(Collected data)
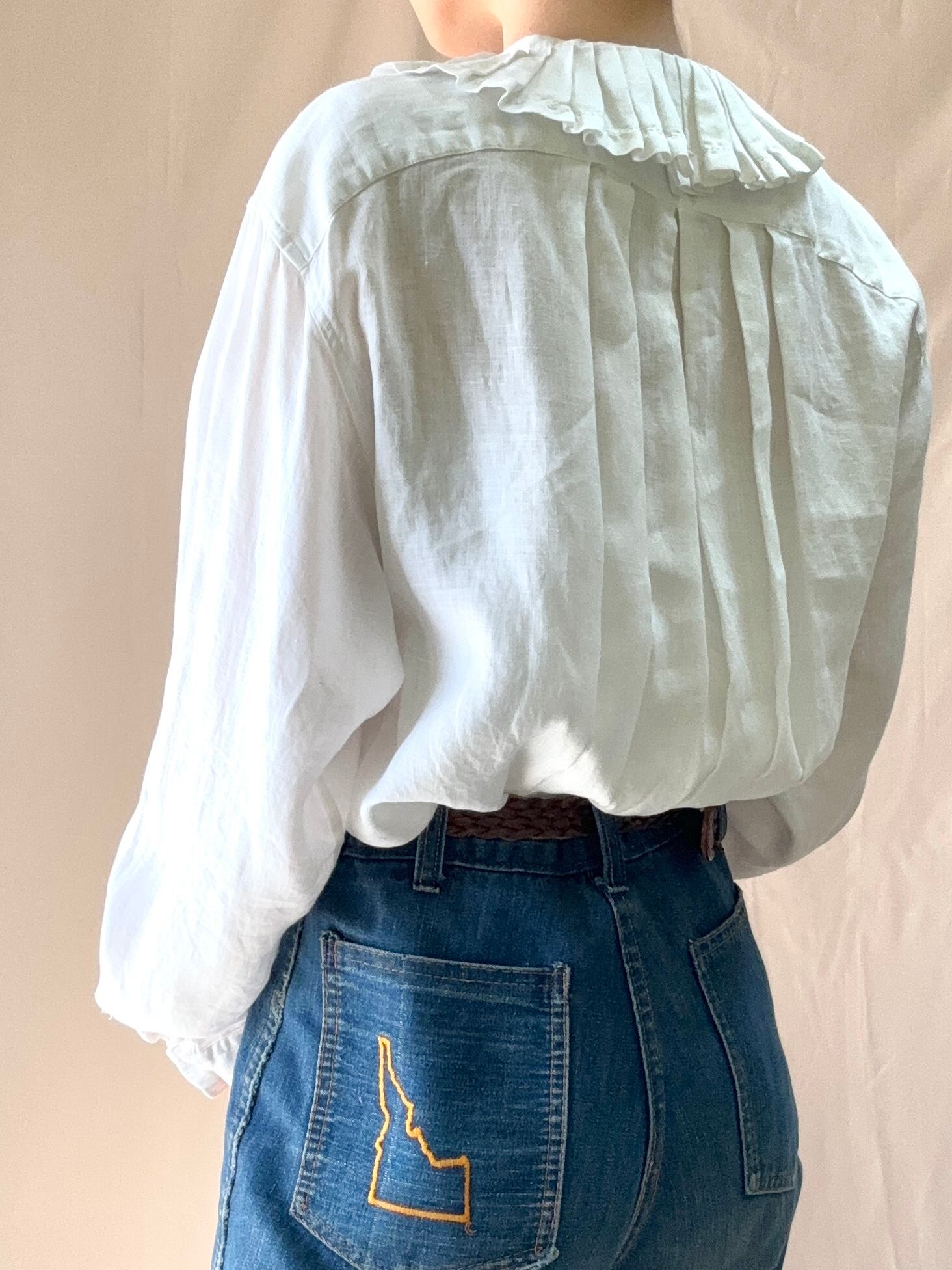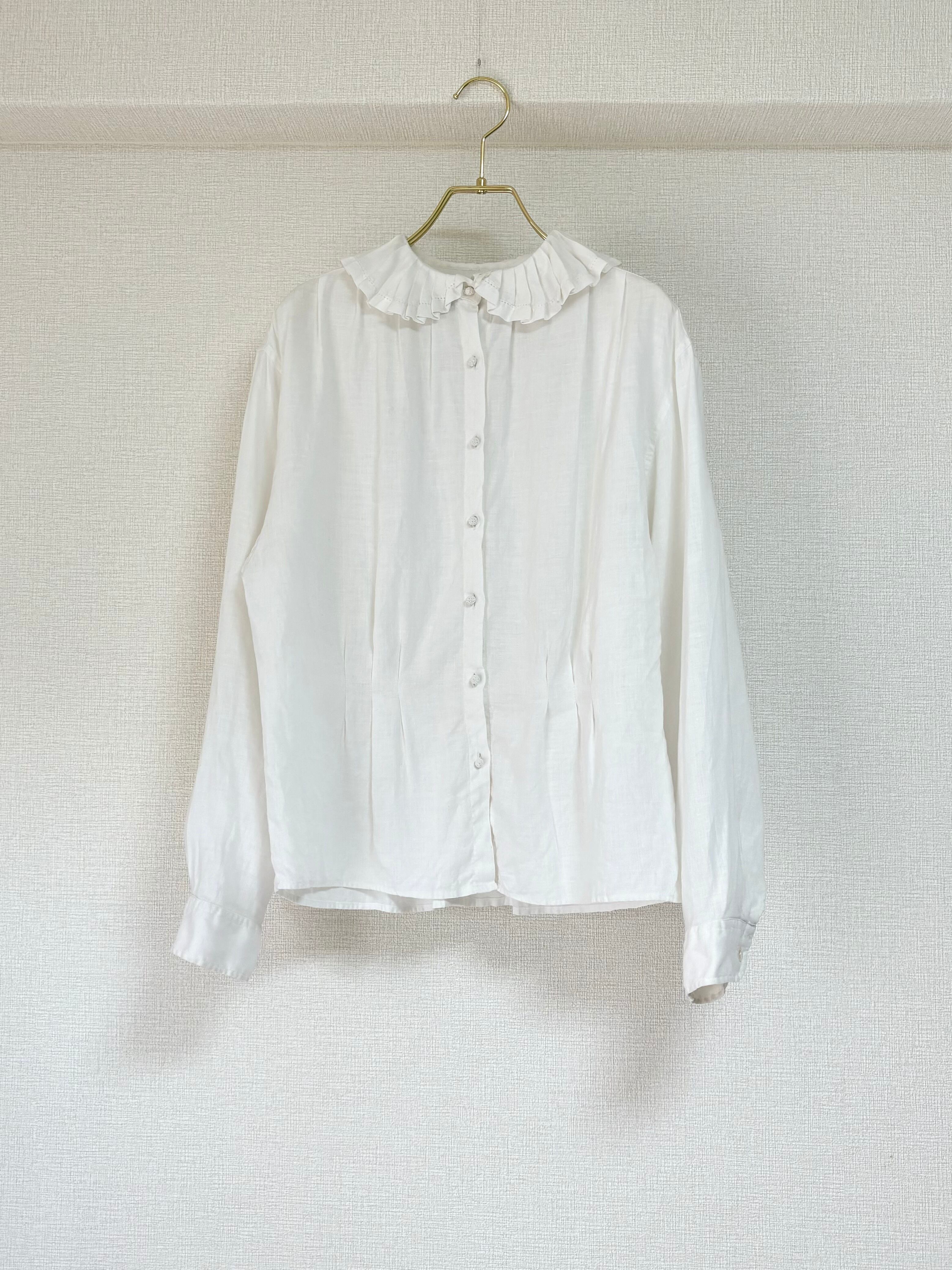 丁寧に折られたプリーツカラーが目を惹く、ラルフローレンのブラウス
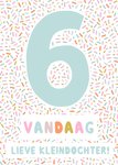 Kleurrijke verjaardagskaart met een grote zes op de kaart. De tekst op de kaart is: 6 vandaag lieve kleindochter!
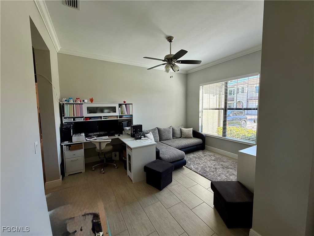 2800 sqft Home has 3 bedrooms with den which also can be used as a fourth bedroom. Large living room with open white kitchen, which has a large island (granite counter) with seating and a good size pantry. Also a dining area with lake view, The outside is very relaxing with Screened Pool area. Pool offers sunshelf and waterfall, together with the Lake view, the perfect place to enjoy the Florida sun. The HOA fees including cable, internet and lawn care and maintenance, Near new Gateway school. Hampton Park features a beautiful resort style Pool, Fitness Center, Clubhouse , billiard room, Community spaces, playground and basketball as well as pickleball courts. Furnitures are negotiable and can stay, since owner moving back to Europe. Also the location is close to international airport, local beaches, shopping malls, fine dining, and more.
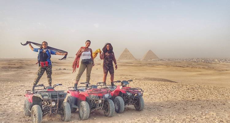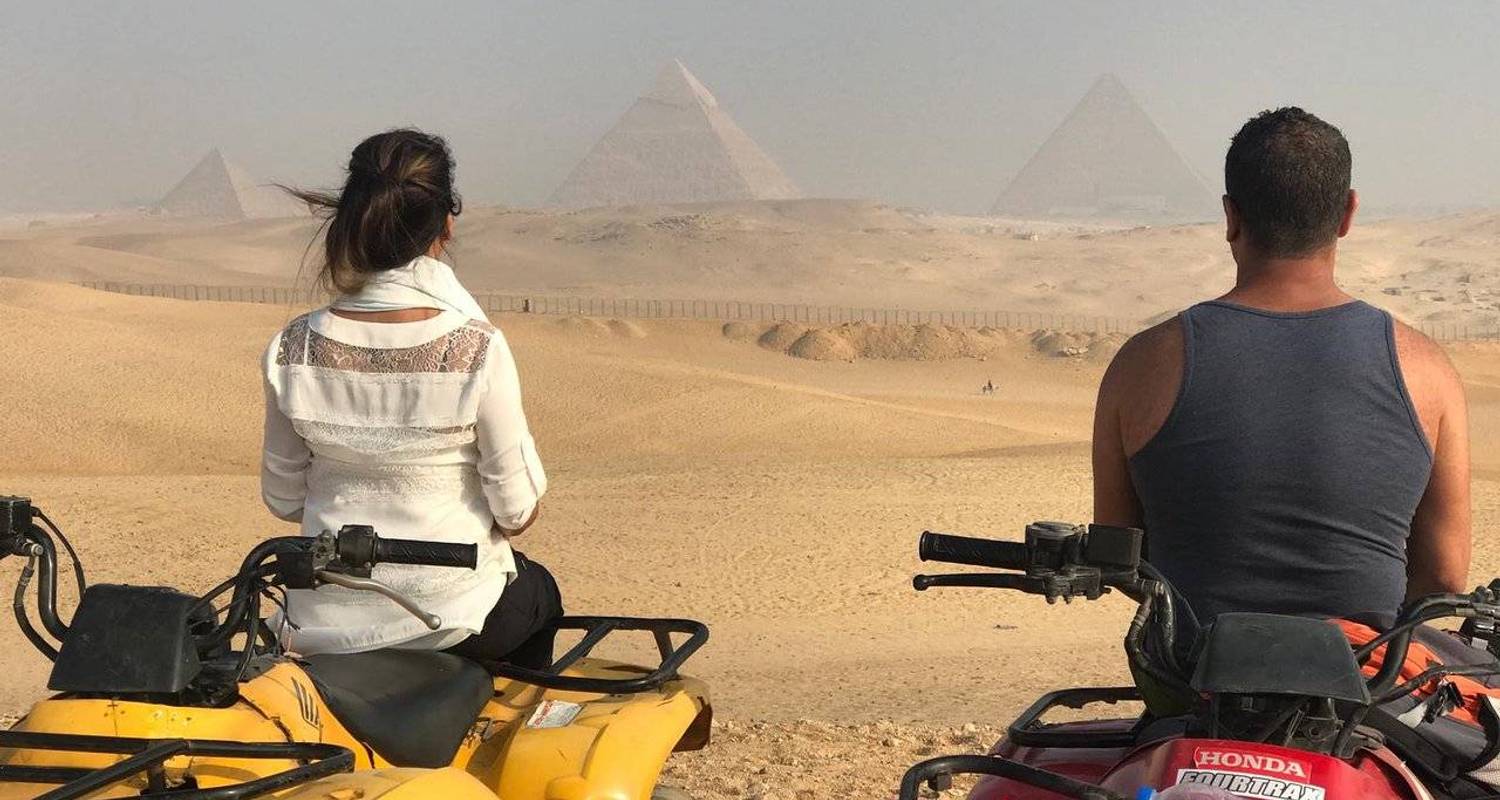 Embark on a One-Hour quad bike ride adventure through the breathtaking Pyramids Desert of Giza, where history meets adrenaline! Starting and ending in the vibrant city of Cairo, this unique tour offers a chance to witness the iconic Great Pyramids like never before—amidst golden sands and endless horizons. Starting time from 6 AM
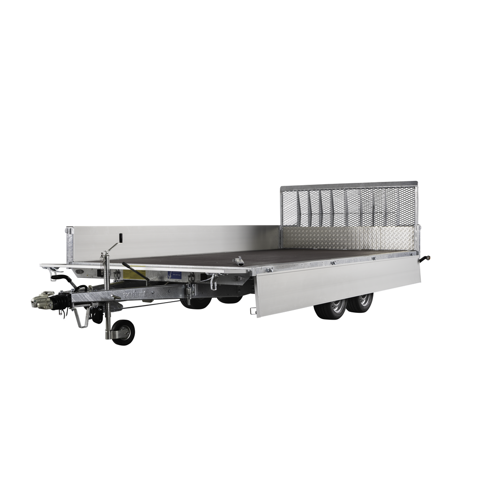 Hjulene er placeret under chassiset, hvilket maksimerer ladfladen, og den dobbelte aksel giver ekstra stabilitet under transport. Alle fire sider kan åbnes, hvilket gør læsning og aflæsning fleksibel fra forskellige vinkler, og de aftagelige hjørnestolper giver ekstra tilpasningsmuligheder.
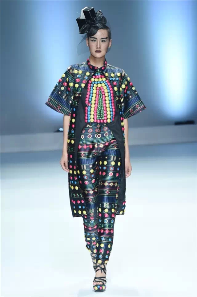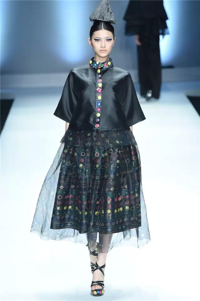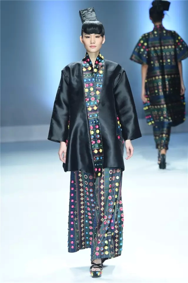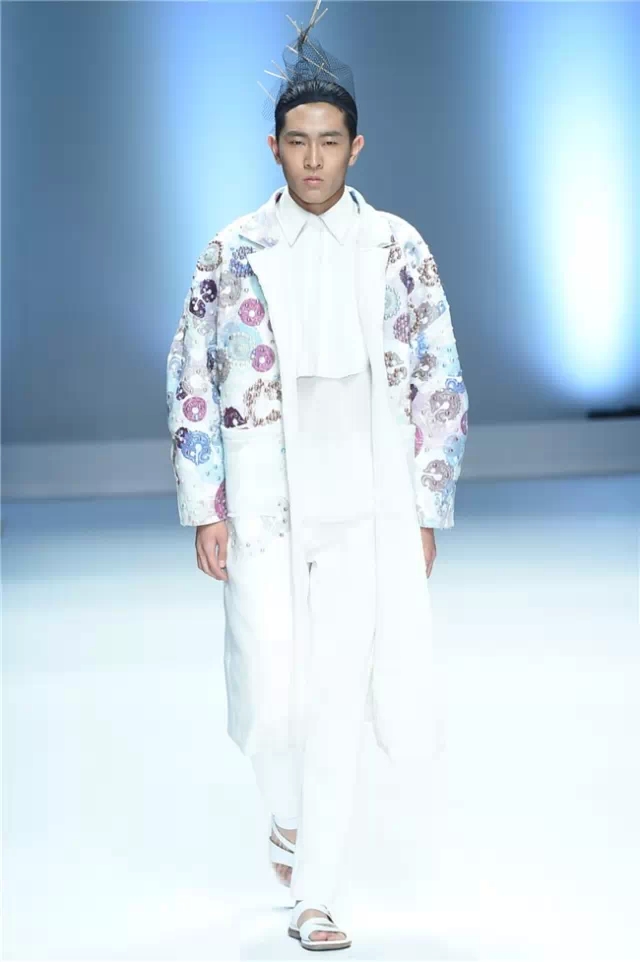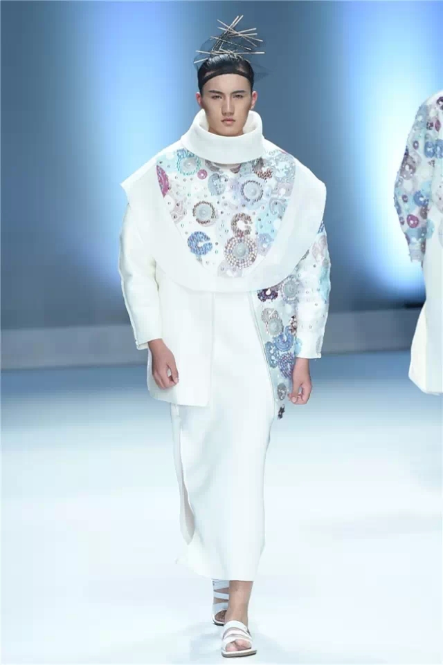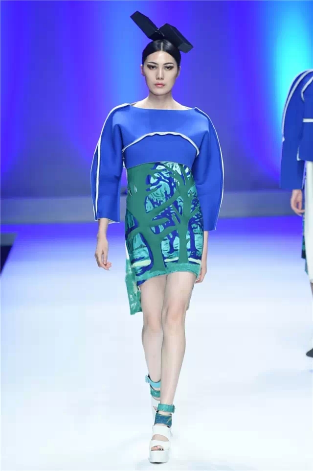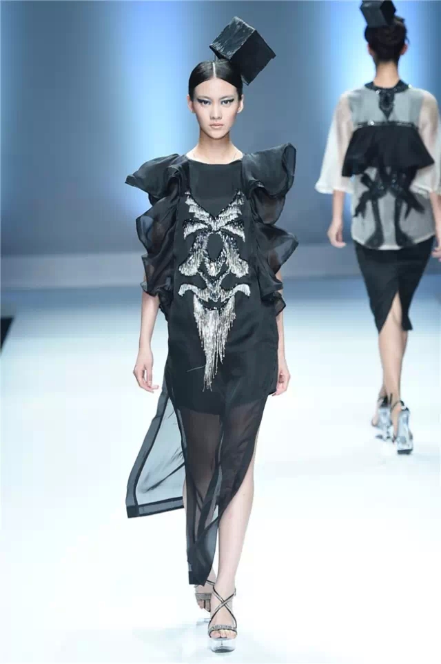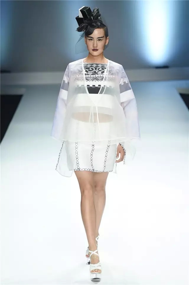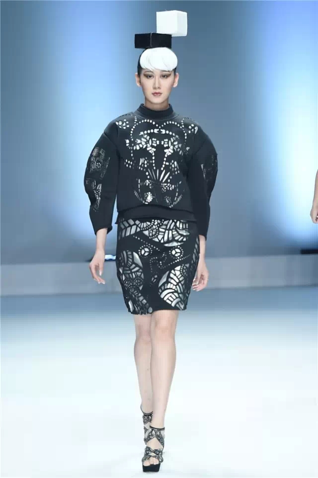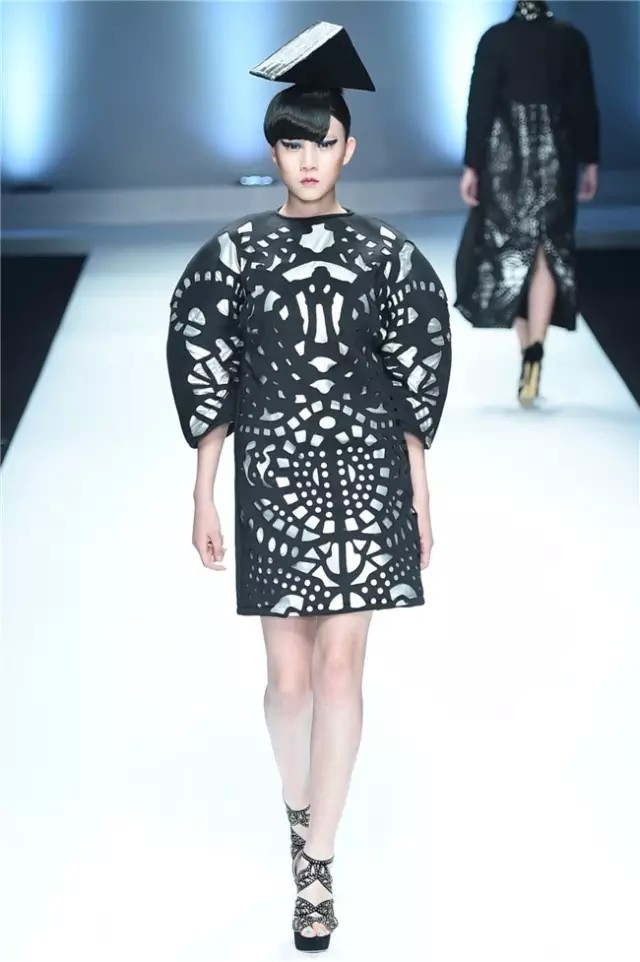 本次發(fā)布秀的設(shè)計(jì)主題是“和合”,從“和達(dá)科技、和愛(ài)人文及和處自然”三個(gè)方面,詮釋中華民族獨(dú)創(chuàng)的哲學(xué)概念。在和生、和處、和立、和愛(ài)的交融中,江西服裝學(xué)院的師生們用充滿創(chuàng)意的設(shè)計(jì)理念,構(gòu)筑起設(shè)計(jì)理念的文化精髓,展示服飾之美。 服飾的設(shè)計(jì)亮點(diǎn)在于選擇以時(shí)代魅力和最高價(jià)值為藝術(shù)導(dǎo)向,將生活藝術(shù)與時(shí)尚融合,通過(guò)層次感的搭配、簡(jiǎn)約的廓形和靈動(dòng)的色彩,編織細(xì)膩的靚衣美裳。 伴隨著開(kāi)場(chǎng)小模特悠緩的步伐,一場(chǎng)帶有民族哲學(xué)設(shè)計(jì)思想的發(fā)布秀拉開(kāi)序幕。緊接著,音樂(lè)律動(dòng)起來(lái),服飾展示也豐富起來(lái)。服裝的整體色調(diào)統(tǒng)一,黑白、灰藍(lán)、墨綠低調(diào)不張揚(yáng),面料選擇則更多樣,飄逸的歐根紗、平實(shí)的圖案、立體刺繡,每一種元素和諧互補(bǔ)。模特佩戴的幾何狀頭飾也是整套系服裝的亮點(diǎn)。(王賽)

**TASK DETAILS:**
Pictures are to be dropped; every line of the records is to be returned unchanged.

**FINAL ANSWER:**
 丁寧に折られたプリーツカラーが目を惹く、ラルフローレンのブラウス
 Kleurrijke verjaardagskaart met een grote zes op de kaart. De tekst op de kaart is: 6 vandaag lieve kleindochter!
 2800 sqft Home has 3 bedrooms with den which also can be used as a fourth bedroom. Large living room with open white kitchen, which has a large island (granite counter) with seating and a good size pantry. Also a dining area with lake view, The outside is very relaxing with Screened Pool area. Pool offers sunshelf and waterfall, together with the Lake view, the perfect place to enjoy the Florida sun. The HOA fees including cable, internet and lawn care and maintenance, Near new Gateway school. Hampton Park features a beautiful resort style Pool, Fitness Center, Clubhouse , billiard room, Community spaces, playground and basketball as well as pickleball courts. Furnitures are negotiable and can stay, since owner moving back to Europe. Also the location is close to international airport, local beaches, shopping malls, fine dining, and more.
 Embark on a One-Hour quad bike ride adventure through the breathtaking Pyramids Desert of Giza, where history meets adrenaline! Starting and ending in the vibrant city of Cairo, this unique tour offers a chance to witness the iconic Great Pyramids like never before—amidst golden sands and endless horizons. Starting time from 6 AM
 Hjulene er placeret under chassiset, hvilket maksimerer ladfladen, og den dobbelte aksel giver ekstra stabilitet under transport. Alle fire sider kan åbnes, hvilket gør læsning og aflæsning fleksibel fra forskellige vinkler, og de aftagelige hjørnestolper giver ekstra tilpasningsmuligheder.
 本次發(fā)布秀的設(shè)計(jì)主題是“和合”,從“和達(dá)科技、和愛(ài)人文及和處自然”三個(gè)方面,詮釋中華民族獨(dú)創(chuàng)的哲學(xué)概念。在和生、和處、和立、和愛(ài)的交融中,江西服裝學(xué)院的師生們用充滿創(chuàng)意的設(shè)計(jì)理念,構(gòu)筑起設(shè)計(jì)理念的文化精髓,展示服飾之美。 服飾的設(shè)計(jì)亮點(diǎn)在于選擇以時(shí)代魅力和最高價(jià)值為藝術(shù)導(dǎo)向,將生活藝術(shù)與時(shí)尚融合,通過(guò)層次感的搭配、簡(jiǎn)約的廓形和靈動(dòng)的色彩,編織細(xì)膩的靚衣美裳。 伴隨著開(kāi)場(chǎng)小模特悠緩的步伐,一場(chǎng)帶有民族哲學(xué)設(shè)計(jì)思想的發(fā)布秀拉開(kāi)序幕。緊接著,音樂(lè)律動(dòng)起來(lái),服飾展示也豐富起來(lái)。服裝的整體色調(diào)統(tǒng)一,黑白、灰藍(lán)、墨綠低調(diào)不張揚(yáng),面料選擇則更多樣,飄逸的歐根紗、平實(shí)的圖案、立體刺繡,每一種元素和諧互補(bǔ)。模特佩戴的幾何狀頭飾也是整套系服裝的亮點(diǎn)。(王賽)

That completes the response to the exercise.